Teheran – Erstmals dürfen Frauen im Iran offiziell Motorrad fahren. Der erste Vizepräsident Mohammed Resa Aref unterzeichnete am Dienstag (3. Februar) einen entsprechenden Beschluss und bestätigte damit eine Ende Januar gefasste Kabinettsentscheidung. Die Regelung ist eine der bedeutendsten gesellschaftlichen Lockerungen seit Jahren.

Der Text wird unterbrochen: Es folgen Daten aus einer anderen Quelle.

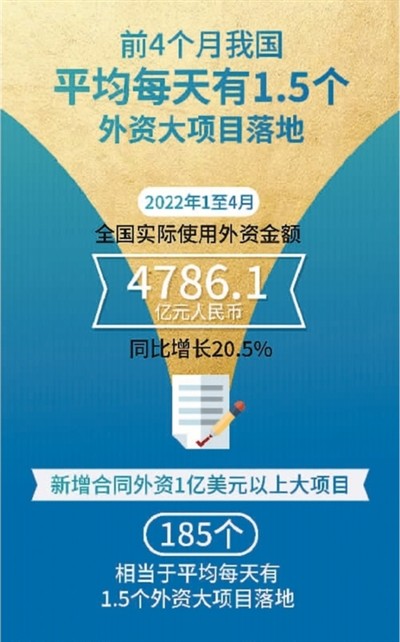 商务部数据显示,今年前4个月,全国新增合同外资1亿美元以上大项目185个,相当于平均每天有1.5个外资大项目落地。1至4月,全国实际使用外资金额4786.1亿元人民币,同比增长20.5%。这是在去年高基数基础上实现的两位数增长。

Bislang war es Frauen zwar nicht ausdrücklich verboten, Motorräder zu fahren. Die Behörden stellten ihnen jedoch keine Fahrerlaubnisse aus. Diese rechtliche Grauzone hatte weitreichende Konsequenzen: Bei Unfällen wurden Frauen oft rechtlich belangt, selbst wenn sie keine Schuld trugen. In den vergangenen Monaten war die Zahl der Frauen auf Motorrädern dennoch stark gestiegen.
Der neue Beschluss verpflichtet die Verkehrspolizei nun, Frauen praktische Fahrstunden zu ermöglichen. Sie müssen außerdem eine schriftliche Prüfung ablegen können und erhalten anschließend eine reguläre Fahrerlaubnis für Motorräder und Roller.